9 September 2017
Dorothea Beale was only 27 years old when she became Principal of Cheltenham Ladies’ College. Members of the College Council questioned whether she was too young and inexperienced, but when she confidently replied that these faults would be remedied on a daily basis, she was offered the job.
Miss Beale introduced subjects such as maths and science, despite parental opposition that these were not suitable or necessary for girls. She also promoted the fact that her pupils “understood the structure of a steam engine” and could gain qualifications, just like their brothers.
As well as leading the school for nearly 50 years, Dorothea Beale also founded St Hilda’s College, Oxford, to enable women to continue their education, set up a teacher training College in Cheltenham, and oversaw the founding of charity and community centre St Hilda’s East in London, which is still thriving today.
The plaque, which was unveiled by the Mayor of Cheltenham Klara Sudbury, is located beside the doorway that was originally used by Miss Beale to access her private apartment at Cheltenham Ladies’ College.

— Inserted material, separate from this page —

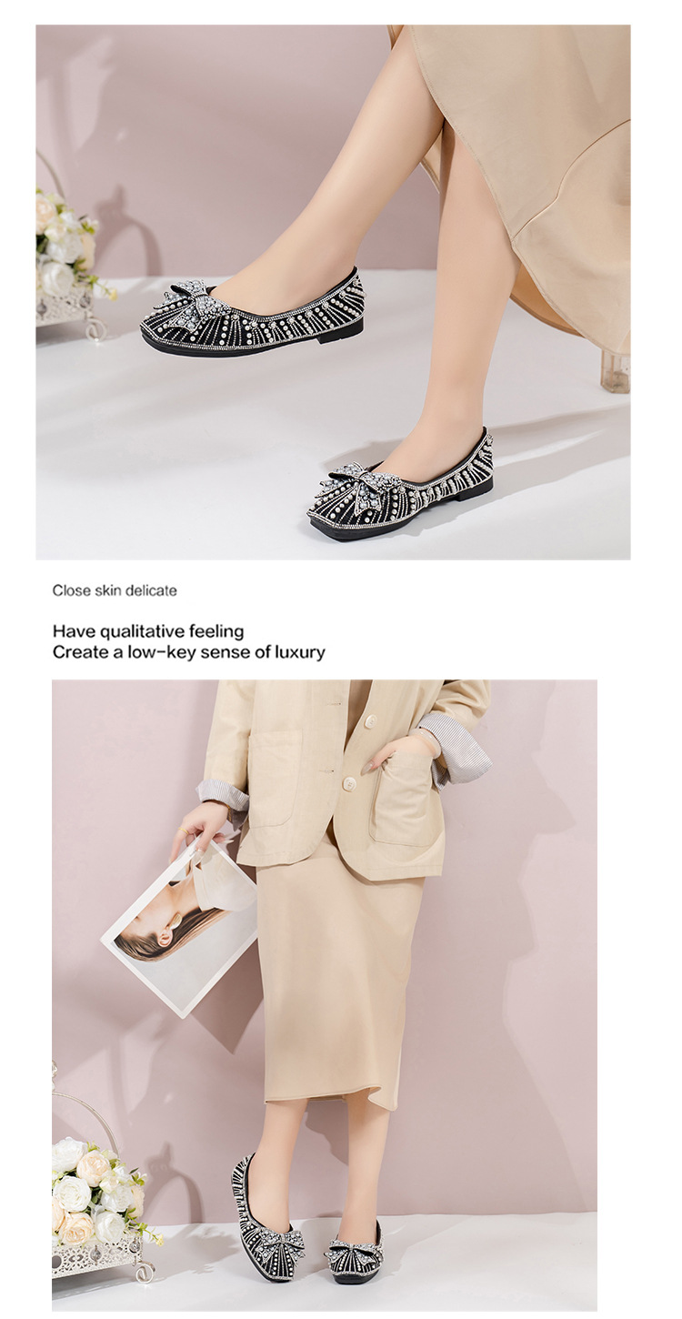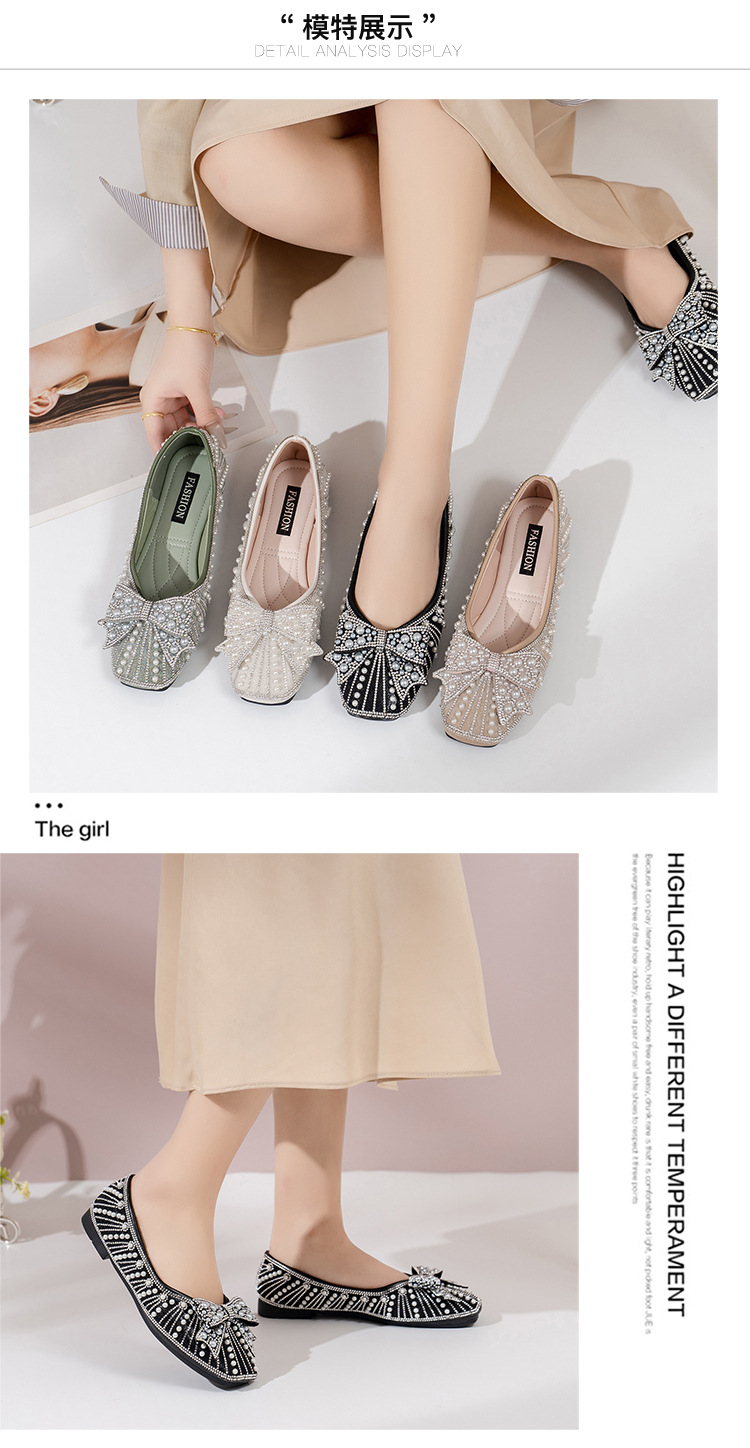 2024 봄과 여름 새로운 진주 풀 다이아몬드 로우 힐 스퀘어 발가락 신발 여성 한국 스타일 플랫 얕은 활 패션 여성 신발스토어 가기

During the ceremony, Freddie Gick, Vice Chair of the Civic Society Committee, spoke about the work undertaken by Miss Beale to widen the curriculum and educational opportunities for girls in the late eighteenth century, and the importance of encouraging women into STEM fields today.
The Mayor then talked of Miss Beale’s inspirational and pioneering approach to women’s education, both as Principal of Cheltenham Ladies’ College and as founder of St Hilda’s College, Oxford, where Cllr Sudbury enrolled as a student 101 years later.
To close the event, Principal Eve Jardine-Young spoke about Miss Beale’s thoughtful and intelligent decisions in times of crisis and her inspirational dedication to improving educational opportunities for young women in Cheltenham and across the world.
Following the ceremony, Ms Jardine-Young commented: “We are enormously proud that this extraordinary woman has been honoured and recognised by the town of Cheltenham, whose history, growth and development meant so much to her.”